2. Proteins in the Human Body
Dietary proteins provide building blocks–amino acids–for proteins in the human body:
- Structural proteins: Collagen gives the structure to the bones, skin and connective tissue (tendons and ligaments); elastin gives elasticity to the skin; keratin gives structures to the nails and hair; keratin is also in the upper layer of the skin; actin and myosin enable muscle contraction, and cell membrane proteins regulate influx and outflux of certain substances into and out from the cells.

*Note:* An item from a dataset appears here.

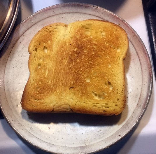 BREAKFAST TOAST: I toasted this up till golden brown and it made a great slice of toast. I spread it simply with some good butter and a little jam, and really enjoyed this toasted. It makes fabulous toast.
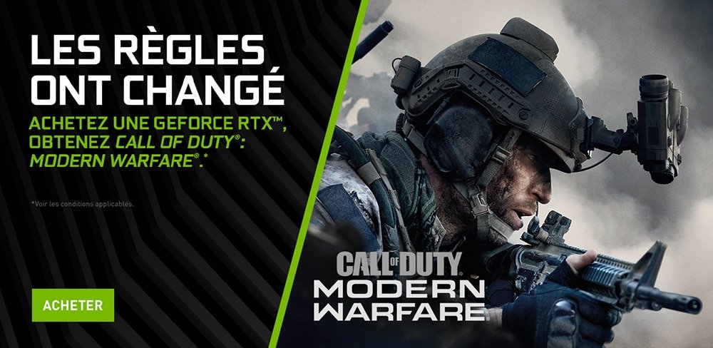 Le nouveau Call of Duty : Modern Warfare débarque le 25 octobre sur plusieurs plates-formes et notamment sur PC. Nvidia et Activision annoncent aujourd’hui le bundle GeForce RTX Call of Duty : Modern Warfare ! Pendant un un temps limité, les joueurs recevront ce jeu pour l’achat d’une carte graphique éligible GeForce RTX 2080 Ti, 2080 SUPER, 2080, 2070, 2060 SUPER ou 2060, d’un ordinateur portable ou de bureau équipés d’un de ces GPU éligibles. « Ti »

- Transport proteins: Hemoglobin carries oxygen, and transferrin carries iron in the blood; myoglobin carries oxygen in the muscles; ferritin stores iron, and cytochromes carry electrons in the respiratory chain in the cells; albumin carries certain ions, hormones, vitamins, bilirubin, drugs and toxins via the blood. Albumin also helps to retain water in the blood.
- Enzymes enable synthesis or breakdown of most substances in the body.
- Thrombin and fibrin enable blood coagulation; fibrin also enables wound healing.
- The hormones insulin, oxytocin, somatotropin and thyroxine are proteins.
- Proteins released into the blood in inflammation: C-reactive protein, prostaglandins, prostacyclins.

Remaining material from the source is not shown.